*Data shown*
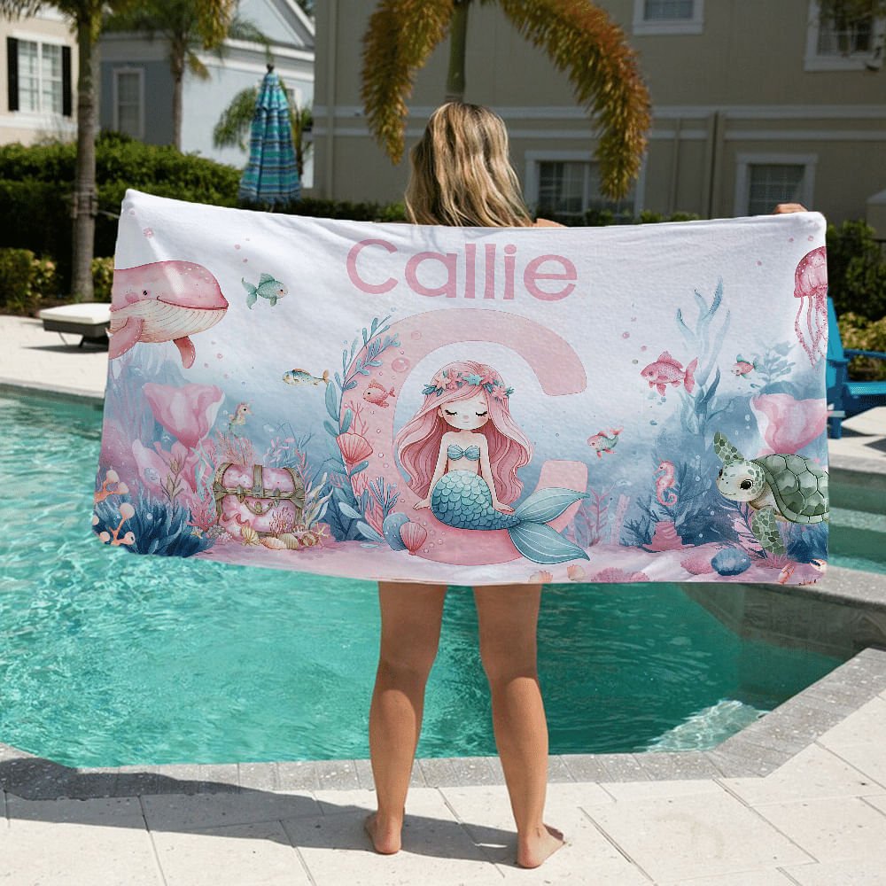 Dieses Meerjungfrauen-Strandtuch mit bunter Meeresflora und -fauna, darunter Quallen, Fische und Krabben, kann mit Namen und Initialen individuell gestaltet werden. Stellen Sie sich niedliche Meerjungfrauen vor, die in den türkisfarbenen Wellen springen, und süße Quallen, die zwischen bunten Korallen und Meeresbewohnern schwimmen. Es ist eine fantasievolle Leinwand, die die Kreativität und Neugier junger Entdecker anregt.
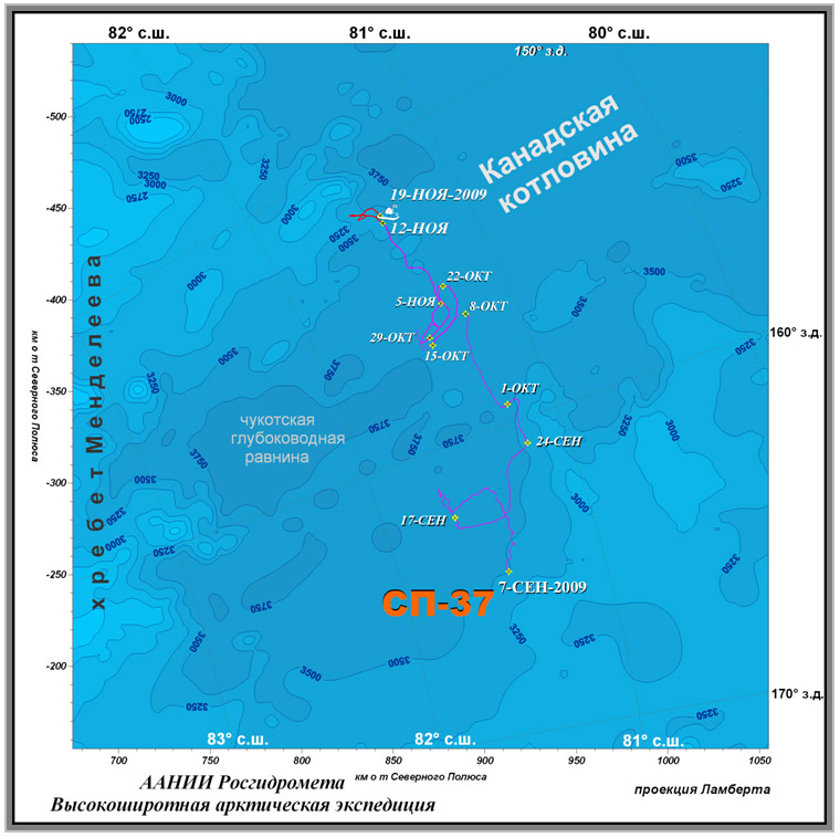Информация о дрейфующей станции «Северный полюс – 37» за период 06 – 12 ноября 2009
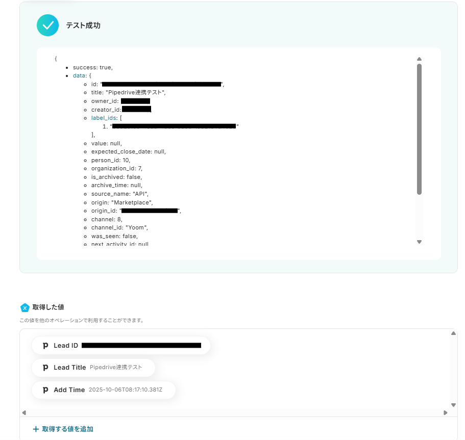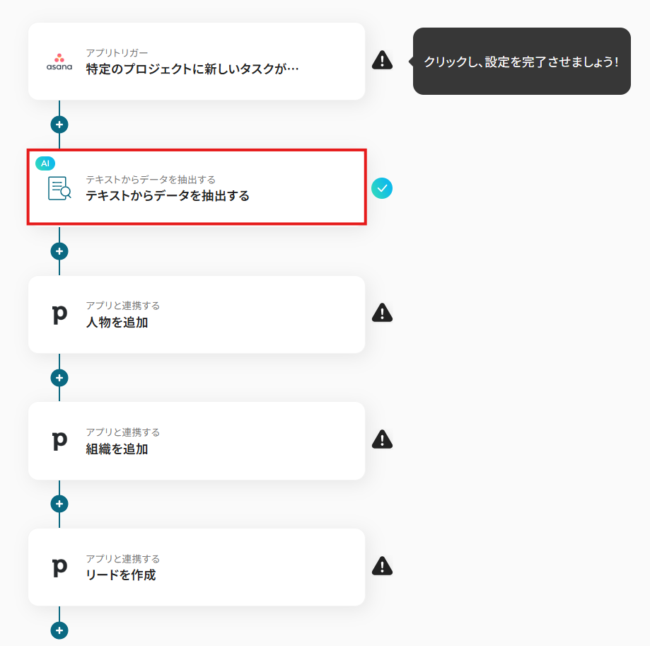 ここで抽出したテキストデータを用いて、Pipedriveにデータを追加するため、Pipedriveに追加したい項目を全て設定するようにしましょう。

*What you need to do*
Copy the material above word for word, images excluded.

*Expected output*
 Dieses Meerjungfrauen-Strandtuch mit bunter Meeresflora und -fauna, darunter Quallen, Fische und Krabben, kann mit Namen und Initialen individuell gestaltet werden. Stellen Sie sich niedliche Meerjungfrauen vor, die in den türkisfarbenen Wellen springen, und süße Quallen, die zwischen bunten Korallen und Meeresbewohnern schwimmen. Es ist eine fantasievolle Leinwand, die die Kreativität und Neugier junger Entdecker anregt.
Информация о дрейфующей станции «Северный полюс – 37» за период 06 – 12 ноября 2009
 ここで抽出したテキストデータを用いて、Pipedriveにデータを追加するため、Pipedriveに追加したい項目を全て設定するようにしましょう。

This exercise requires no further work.